It's strange, really, how we associate certain foods with particular seasons of the year. It differs from country to country, too, of course. I don't think of myself as much of a traditionalist, yet we eat turkey on Christmas Day, and I make my Christmas cake, Christmas pudding and mince pies during November and December. We eat pancakes on Shrove Tuesday, and hot cross buns on Good Friday, and extra chocolate at Easter...
Most years, I make too much mincemeat. Or, more to the point, as my supply gets low I eke it out by adding extra dried fruit, or grated apple. I don't want to run out before Christmas... so I end up with a couple of hundred grams of mincemeat left over, which sits in the fridge for the next ten or eleven months.
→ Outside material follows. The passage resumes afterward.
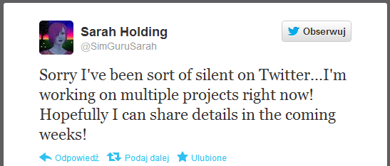 SimGuruSarah czyli Sarah Holding, producentka gry The Sims 3 napisała w serwisie społecznościowym twitter ciekawą wiadomość.

Worse still, by the time the following December rolls around, the leftover mincemeat has usually got rather dried up and crystalline, and looks so sad next to my newly-made batch that I quietly throw it away.
As usual, I had leftover mincemeat from Christmas 2007. It sat in the fridge. Then Daniel came home for his furlough, and mentioned that he had only eaten ONE mince pie in the past few months. They're not generally made on the Doulos. To make even one per person, there would have to be 350 of them, and who can manage just one mince pie? (Well, apparently Daniel can. But that's because he popped into a British evening in December for a few minutes before being on duty. And they happened to be serving mince pies).
So I decided to overcome my strange reluctance to make mince pies when it isn't Advent. I used up all the mincemeat. I eked it out a little with extra dried fruit... but that's because I had made too much pastry. Then I had to roll the pastry thinner and thinner to accommodate the last of the mincemeat.
But.. I used it all up. And made 35 mince pies on Wednesday.
There aren't 35 left now, but there are still quite a few. More than I had expected. Perhaps because, bizarrely, they just don't taste the same when it's Lent rather than Advent.